Wicked Company is the collective biography of a group of men with little in common, apart from a generalised dissatisfaction with the state of the world around them. Perhaps that is true of most intellectual coteries. The kings of the Parisian Enlightenment of the 18th century were the mathematician Jean d’Alembert and the playwright and journalist Denis Diderot, joint editors of the great Encyclopédie. Their work brought them into contact with a remarkable group of men, who populate the pages of Philipp Blom’s quirky and original book: the economist and journalist Raynal, who never quite shook off his Jesuit origins; the mass of obscurer contributors to the Encyclopédie; the moody and quarrelsome romantic Jean-Jacques Rousseau, who rejected many of their fundamental values; the occasional outsiders like the Scots David Hume and Adam Smith, who were more considerable philosophers than any of them; and Voltaire, a distant and malevolent presence, living in exile in Switzerland, the author of many pungent letters and pamphlets but no serious intellectual work.
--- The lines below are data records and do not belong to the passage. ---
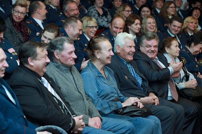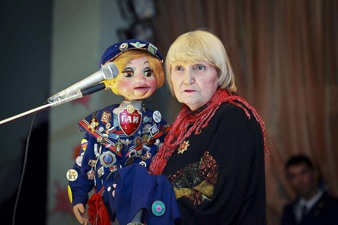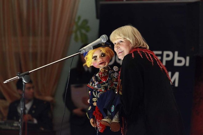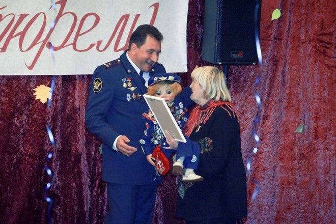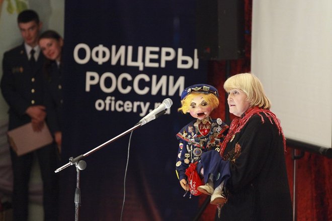 С небольшим концертом перед зрителями выступили члены благотворительного совета «ОФИЦЕРОВ РОССИИ» – народная артистка России Раиса Виноградова со своим маленьким помощником-юмористом в коротких штанишках, куклой Кирюшей и актриса театра «Мульти-пульти» Оксана Тим.
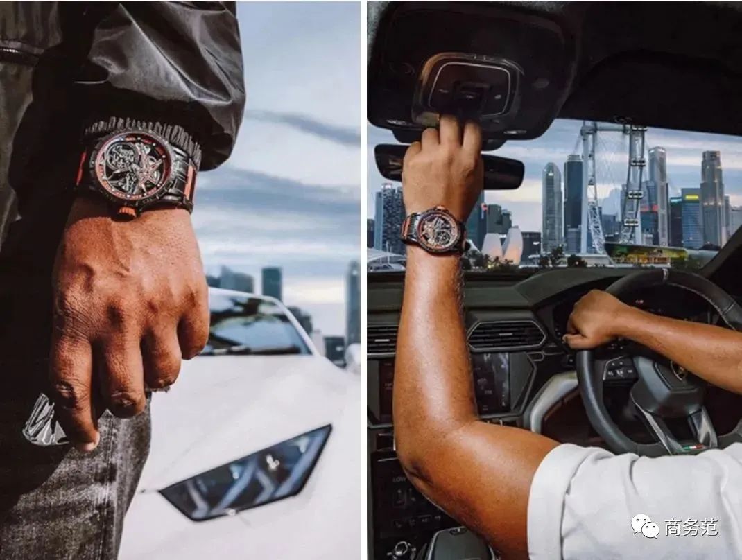 他還用羅傑杜彼王者系列腕表配搭配蘭博基尼跑車,運動又酷炫。
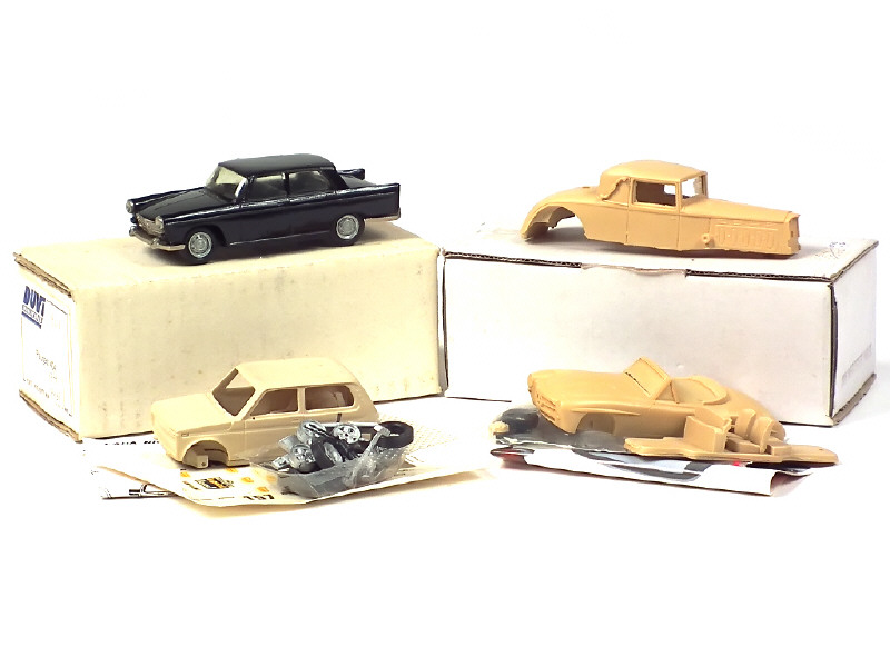 3 à monter - comprend : PEUGEOT 404 (montée), RENAULT REINASTELLA, (incomplet), LADA 4x4 (semble complet) & MERCEDES 190 SL - on y retrouve les marques : DUVI, PROCENCE MOULAGE, KAGERE EDITION & GAFFE

Blom weaves their disparate lives and opinions together into a more or less coherent narrative. Intellectual history is famously difficult to write for a non-specialist readership. Biography is a good refuge from the difficulties, even if it can rarely do justice to the complexity of the subject.

The link figure in Blom’s group is Paul-Henri Thiry, Baron Holbach. Holbach is not well-known, but perhaps deserves to be. He was a rich German dilletante, by profession a lawyer, educated at Leyden in Holland, who lived most of his life in Paris and died there at the age of 66, a few weeks before the outbreak of the French Revolution. He contributed several articles to the Encyclopédie, mostly on the natural sciences. But his main claim to fame was that he was the author of a number of atheist treatises. These, however, did nothing for his fame in his lifetime because they were written under pseudonyms in order to escape the attention of the censors. As a result, Holbach has come down to posterity not as a philosopher but as the pretentious host mocked by Horace Walpole, and the original of the virtuous unbeliever Baron Wolmar in Rousseau’s Julie.